長鎖非コードＲＮＡの細胞内局在制御機構

长链非编码RNA的细胞内定位控制机制

基本信息

批准号：
16J09564
负责人：
町谷充洋
金额：
$ 2.08万
依托单位：
Kyoto University
依托单位国家：
日本
项目类别：
Grant-in-Aid for JSPS Fellows
财政年份：
2016
资助国家：
日本
起止时间：
2016-04-22 至 2019-03-31
项目状态：
已结题

来源：
https://kaken.nii.ac.jp/grant/KAKENHI-PROJECT-16J09564/
关键词：
長鎖非コードRNA

项目摘要

近年、miRNA、長鎖非コードRNA (lncRNA)の発見などにより、タンパク質をコードせず能動的な機能を有する非コードRNAの存在が明らかになってきた。種々の非コードRNAは特定の場所に局在化し、機能しているが、その局在化機構に関しては、これまでにほとんど明らかにされていない。そこで本研究では、lncRNAの局在化機構、ひいてはその機能解明を試みた。昨年度までに、FISH法によるHOTAIRの検出に成功した。しかしながら、ヒトHOTAIRに対するプローブで、マウス細胞株でもシグナルが検出された。この原因としては、今回用いたプローブは、種特異性が低く、保存性の高いターゲット（ここではマウスHOTAIR）を検出してしまったと考えられる。今後は、保存性の低い種の細胞を用いた検討を行うなどの改善を試みたい。また、他のlncRNAの検出を試みた。核内で強く発現し、核内構造体形成に機能するlncRNAであるNEAT1の検出を試みたところ、核内でドット状のシグナルが見られた。現在、NEAT1配列における核局在化エレメントの同定を試みている。一方で、種々のlncRNAは、mRNAと同様に転写後、スプライシングされ、キャップ構造が付加され、ポリA尾部が付加される。これらのRNA転写後修飾・制御はRNAの運命決定に大きく関わることから、lncRNAにおけるその影響を検討した。RNA転写後修飾・制御に関わるいくつかの因子をノックダウンした細胞の各種lncRNAの発現を解析した。その結果、ARS2のノックダウンで上述したNEAT1の2つのisoformの片方のみ発現上昇が見られた。さらに解析を進めたところ、ARS2はNEAT1のalternative 3’-end processing、及び、安定性を制御することにより、核内構造体であるパラスペックルの形成に関わることが明らかとなった。

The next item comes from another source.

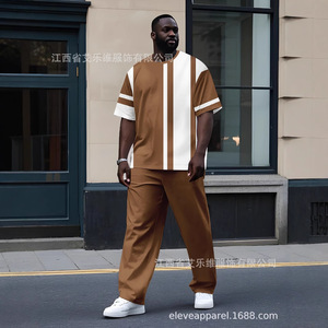 クロスボーダーメンズラウンドネックTシャツとパンツスーツ3Dデジタル印刷シンプルなストライプカラーマッチングスタイルホットセールスポーツセット

近年来，MiRNA和长期非编码RNA（LNCRNA）的发现揭示了不编码蛋白质并具有活性功能的非编码RNA的存在。尽管各种非编码RNA在特定位置进行了定位和功能，但几乎没有澄清的定位机理。因此，在这项研究中，我们试图阐明lncRNA定位机理，并最终是其功能。到去年，使用鱼方法成功检测到了Hotair。但是，在小鼠细胞系中还检测到一个信号，该细胞系具有针对人类热水的探针。原因是这次使用的探针检测到了一个靶标（在这里，小鼠热水），其物种特异性且高度保守。将来，我们想尝试改善结果，例如使用低维护物种的细胞。我们还试图检测其他LNCRNA。当我们试图检测Neat1（在细胞核中强烈表达的LNCRNA并形成核结构时，我们发现了核中的点样信号。目前，我们正在尝试确定NEAT1序列中的核定位元件。另一方面，在转录后将各种LNCRNA剪接，类似于mRNA，并添加盖结构，并添加Polya尾巴。由于这些转录后修改和RNA的调节在确定RNA的命运方面很大程度上涉及，因此我们研究了它们对LNCRNA的影响。分析了各种LNCRNA在细胞中分析了参与RNA后转录修饰和调控的几个因素的细胞中的表达。结果，ARS2的敲低表达增加了上述NEAT1的两个同工型之一。进一步的分析表明，ARS2通过控制Neat1的替代3'-End处理及其稳定性，参与了副羊皮的形成，一种核内结构。